The hotel was old and expensively elegant. Tasteful, striped, satiny paper covered the walls of the meeting room in authentic Victorian style. The smallish room was dominated by the large mahogany table with padded chairs that looked more like they belonged in a dining room than a boardroom. It was a hotel, though, no matter how well decorated, and it lacked even the hint of personalization that managed to break through the government drab in her own office cubicle.

She was here to meet a consultant. Though there was the occasional perfectly innocent computer geek or accountant, in her experience, consultants were quite often bad guys who had made deals so that the good guys could catch bigger bad guys: rewarding the smaller evil so that the big monsters got stopped.

Five people dead in the last month: an old woman, two tourists, a businessman, and an eight-year-old boy. A serial killer was hunting. She'd seen the boy's body, and to catch his killer, she'd have met with Satan himself.

In her time in the FBI, she'd dealt with former drug dealers, an assassin already serving a life sentence in jail, and any number of politicians (some of whom should have been serving life sentences in jail). Once, she'd even consulted a self-proclaimed witch. In retrospect, Leslie hadn't been nearly as afraid of the witch as she should have been.

Today she was talking to werewolves. To her knowledge, she'd never met a werewolf before, so it should be interesting.

She considered the table they'd all be sitting around. The FBI offices or a police station would have given her side the home advantage - her side being those who fought for law and order. Meeting with people on their own turf, in their offices or homes, lost her that advantage, but sometimes she'd used it to get information she wouldn't have gotten if the people she was interviewing hadn't felt comfortable and safe. Prisons, oddly enough, gave the home-court advantage to the prisoner, especially if she brought a nervous greenie along with her.

Hotels were neutral territory - which was why they were meeting here instead of the office.

"Why me?" she'd asked her boss yesterday when he told her she was going alone. "I thought the whole team was going to talk to him?"

Nick Salvador had grimaced and stretched his large self uncomfortably behind his desk - a space where he spent as little time as possible. He preferred being in the field. "FUBAR ahead," he said, which was his code for politics. When Leslie had come into the Boston office, the previous person who'd had her desk had taped a list of Nick-speak to the bottom of her drawer with a note that said he'd had it faxed from Denver, where Nick had last been posted. There was a full page of swearwords, and "FUBAR ahead" had been first on the list. It wasn't that Nick couldn't dance gracefully with the powers that be if necessary; it was that he didn't like doing it.
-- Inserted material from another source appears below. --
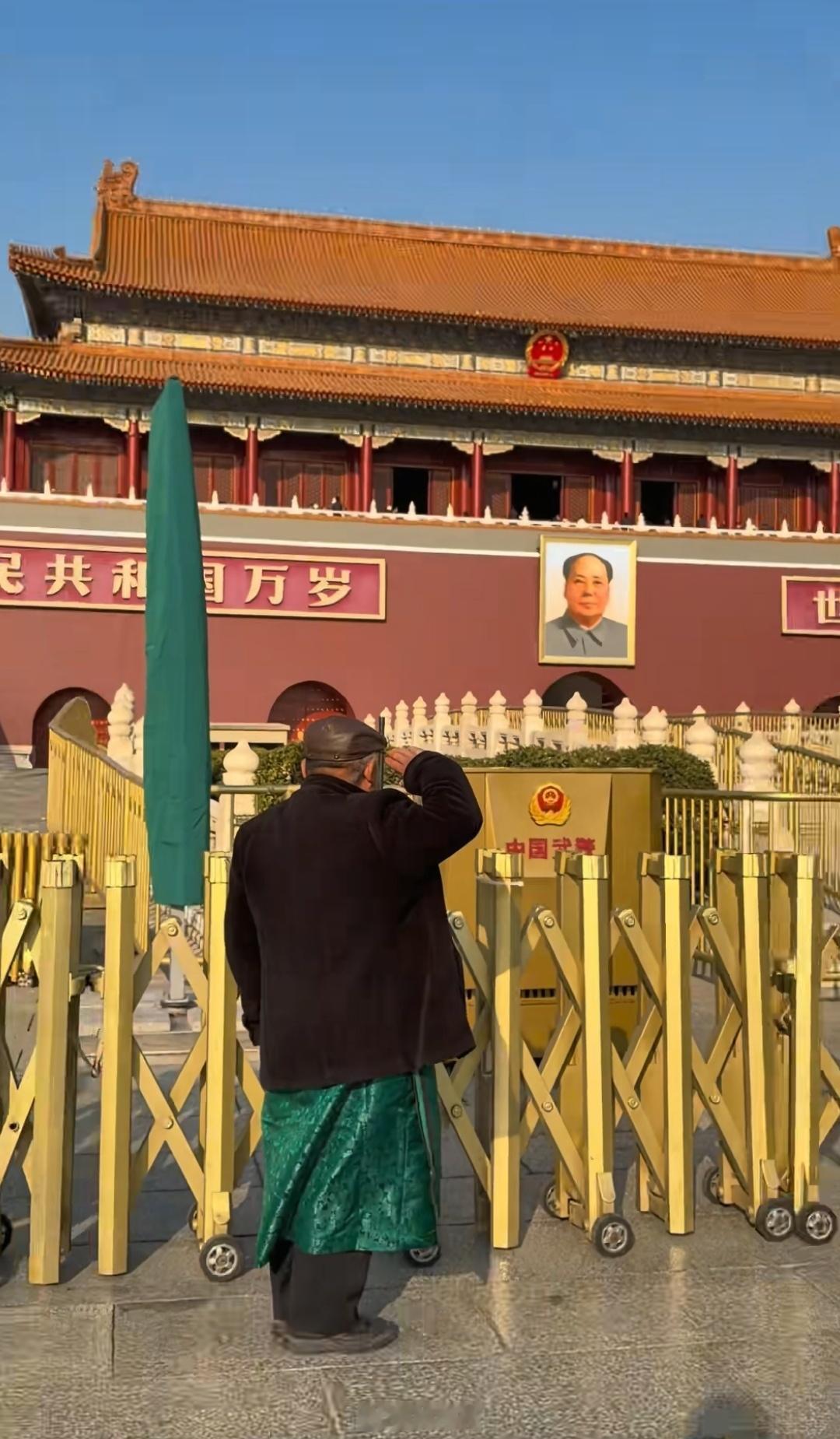 这位来自新疆的老人,退伍证首页是天安门版本的教员像。前段时间,在女儿的帮助下,终于完成了这个攒了一辈子的心愿。

"I put in the request and word was we were going to talk to Adam Hauptman. He's done a lot of consults - been guest speaker at Quantico a couple of times. Thought we could get information to help us with the case and pick up a bit besides." He twisted his chair around and his knee hit the canvas side of one of his go-bags. He had a number of them stashed around his office. Leslie had three herself - each packed for different jobs. Hers were color-coded; Nick's were numbered. Which made sense - there were more numbers than guy colors (his bags were khaki, khaki, and that other khaki) and he needed more go-bags than she did because his job was broader reaching. She didn't have to keep a suit on hand, for instance, because she was unlikely to get called upon for television interviews or congressional hearings.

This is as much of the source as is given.